Sanavita has started to include identification barcodes on its products, allowing access to larger supermarkets. The company is in the process of acquiring marks of quality from the Tanzania Bureau of Standards that will also enable a link to large retail stores and provide access to export markets.
Adopting a model of “proximate processing”, Sanavita adds value to local crops closer to the point of production, to reduce postharvest loss or wastage of perishable nutritious foods. Solar drying technology is the innovation that makes this possible, reducing processing costs and decreasing the environmental impacts of agricultural production.
Success Factors and Lessons Learned
In collaboration with the Tanzania Food and Nutrition Centre and with district health departments, Sanavita delivers awareness raising campaigns and nutrition education for key players in food provision such as school staff, health care facility workers and religious leaders. Training is provided on: value addition and food processing (product development); maternal and child nutrition; making baby foods; and nutrition sensitive agriculture. Some of the crops supported by Sanavita are relatively new to some people and they may not be cognisant of the nutritional benefits of this produce. By enabling these key players to become ambassadors for the crops and the resulting product portfolio, Sanavita hopes to improve food practices within communities, making sure the right nutrition is reaching those most in need of its assets. Through these activities as well as campaigns on local radio, television channels and social media, the company has reached an estimated 20,000 community members.
Sanavita won the Food Technology Innovation Prize at the 2020 SUN Pitch Competition, awarded by the Global Alliance for Improved Nutrition (GAIN) for developing technology to create nutritious and affordable food solutions. GAIN continue to support Sanavita by providing technical assistance, building the company’s capacity to produce higher volumes more efficiently. For showing innovation, creativity, value addition and impact, Jolenta also received a mentorship prize from AGREA.
The intensive training on business and financial management and networking that Jolenta received through her participation in the SUN Pitch Competition in 2020, have enabled her to understand the business from a global perspective. Realising her previous focus had been predominantly local, the training gave her ideas on gaps in the market that the company could address, not only in Morogoro but across Tanzania, and maybe the entire East African region. The company recognises that there are many other products that can be produced with biofortified crops to supply different categories of consumers.

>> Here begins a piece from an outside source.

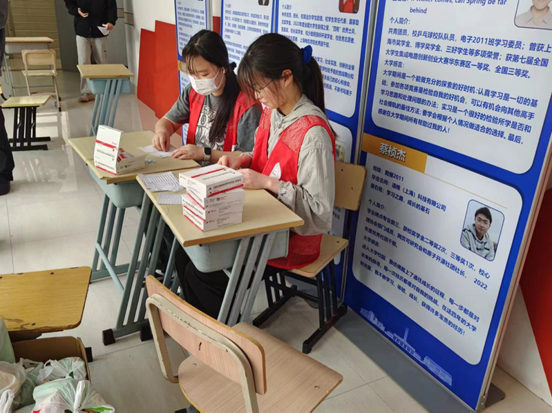 志愿者们在献血登记、健康体检、献血环节、休息处及慰问品、发放处等各个环节协调有序,为无偿献血的同学们提供服务,配合医生有条不紊开展献血活动。大家都沉浸在一片爱心涌动的氛围之中。

The AGREA mentorship will help the company in expanding and establishing their own production facility separate from the SUGECO site. The cash prize from GAIN of US$10,000 for the SUN Pitch Competition has supported Sanavita’s business needs and made this development possible. A further grant through GAIN’s Keep Food Markets Working programme during the COVID-19 pandemic has covered operational costs and allowed Jolenta to continue paying staff salaries.
Jolenta finds these awards have not only boosted her business and informed her plans for expansion, but also enable her to interact with other like-minded entrepreneurs in countries across Africa and Asia.